11. QR-code Ook kunnen de QR-code-stickers van de optimizers worden verwijderd en op de physical lay-out van SolarEdge worden geplakt. De QR-code-sticker zit aan de achterkant van de optimizer. De stickers moeten in de juiste volgorde op de physical lay-out worden geplakt, zodat het stickervel de daadwerkelijke plaatsing van de optimizers aangeeft. Dus de meest linkse optimizer zit ook links op het sticker vel en de bovenste optimizer zit ook boven op het sticker vel geplakt enz. 12. Dak-doorvoer maken + gootjes aanleggen Onder een paneel wordt een gat geboord door de nok van een damwandplaat heen. Hierin wordt een dakdoorvoer gestoken. De diameter van de doorvoer wordt bepaald door het aantal kabels van de stringen. Het uiteinde van de blauwe en rode kabel wordt op lengte afgeknipt en door de dak-doorvoer naar binnen gestoken. Deze kabeleinden kunnen nu middels een gotensysteem naar de omvormer worden gelegd. 13. Panelen leggen Hierna kunnen de panelen worden gelegd en de kabels van de panelen worden gekoppeld met de optimizers. De kabels van de panelen kunnen in de stekkers van de optimizer worden geklikt. De panelen worden eerst in het bovenliggende TS-profiel geschoven en daarna in het onderliggende TS-profiel geschoven. De kabels worden opgebonden middels tiewraps en edgeclips. De voegmaat tussen de panelen bedraagt 3 mm.
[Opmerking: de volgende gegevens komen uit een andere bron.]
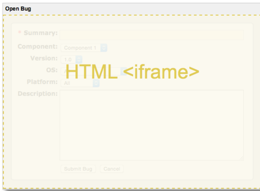
Fig. 2 Dialog iframe

Clients might choose to place dialogs inside page elements styled to look like a dialog window.
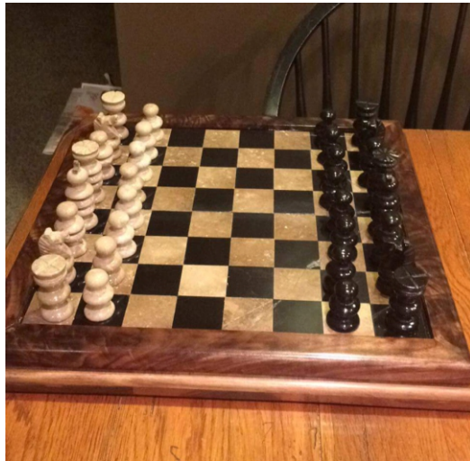
Walnut Base and frame to repair broken chestboard. Year 2016
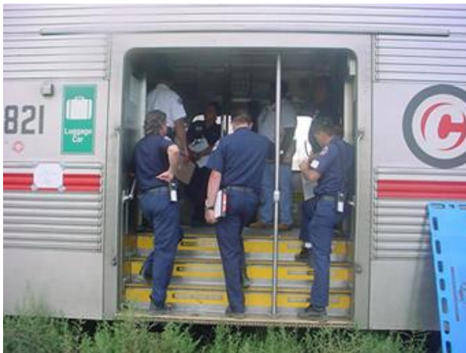
Figure 5 Preparing for a Victim Rescue During Train Exercise in San José
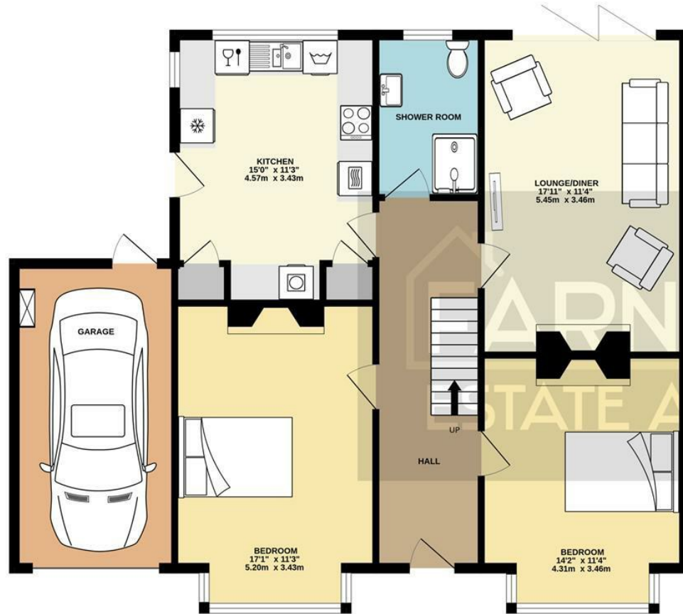
GROUND FLOOR 1013 sq.ft. (94.1 sq.m.) approx.
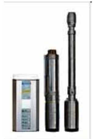
LORENTZ PS left: Centric (C) right: Helical Rotor (HR)
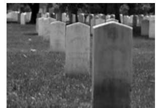
Send to Grave Marker Chairman
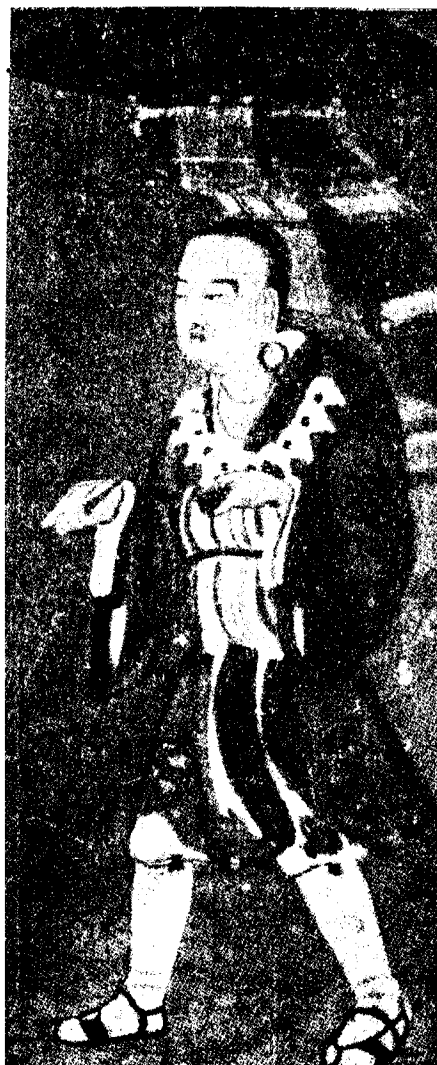
Hsuan-tsang (596-664 A. D.) The Tripitaka Teacher of Dharma of the Great Tang Dynasty.
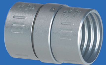
SWIVEL FITTING (HMSV)
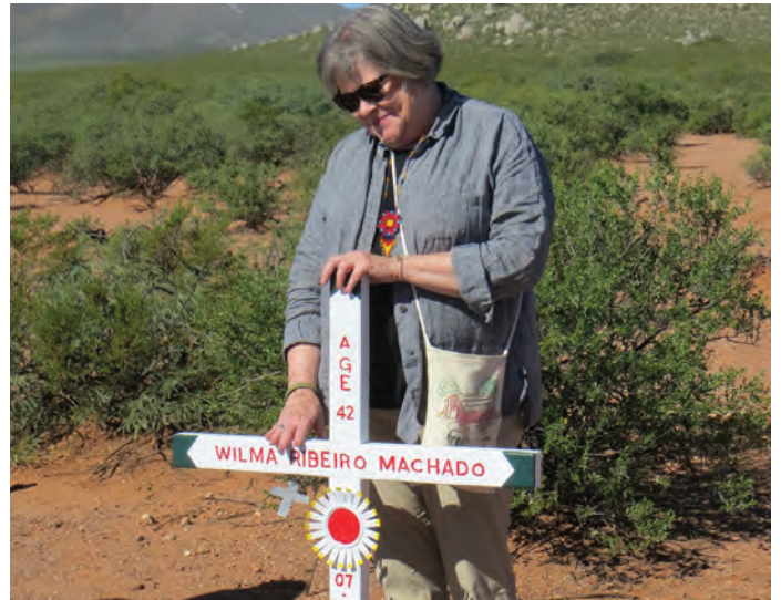
A participant on the immersion trip from St. Aloysius Parish in Spokane places a cross in memory of a migrant who died during the journey through the Sonoran Desert.

Other parishes also took action. Members of St. Francis Xavier Parish in Missoula, Montana, gathered at a vigil to pray for migrants in October. Parishioners from St. Ignatius Church in Portland met with Senator Ron Wyden’s field manager, joined by two seniors from St. Mary’s Academy and one senior from Jesuit High who were interning at the office and sat in on the conversation.
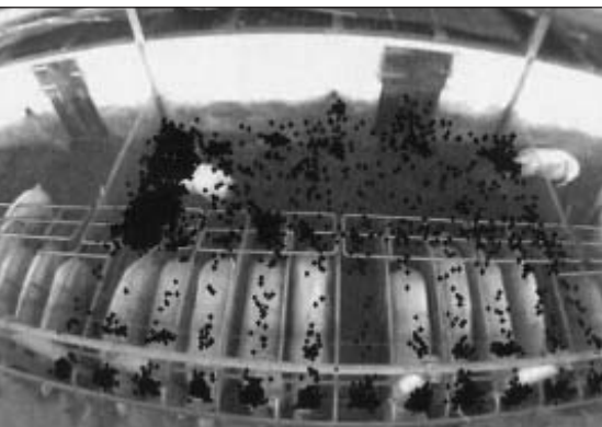
Fig. 1: Video image with xy-coordinates of all animals taken over 48 hours in pen 1

Altered legal regulations require loose housing of sows in groups and more space per sow in dry sow accommodation. This increases the advantages of simple, cost-efficient production systems. In a practical trial the behaviour of pregnant sows in a natural climate house with lying huts was recorded. Here it could be observed that the production system investigated fulfilled requirements with, however, special values having to be used when considering the grouping of the sows.

Deze is voor het uitzetten en krimpen van de panelen ten gevolge van temperatuursverschillen. 14. Omvormer De blauwe en rode kabel wordt op de juiste lengte (tot aan de omvormer) afgeknipt en voorzien van MC4-stekkers. Waarna ze kunnen worden gekoppeld aan de omvormer. Hierna kan de omvormer worden geïnstalleerd. Zie hiervoor de handleiding van SolarEdge geleverd bij de omvormer.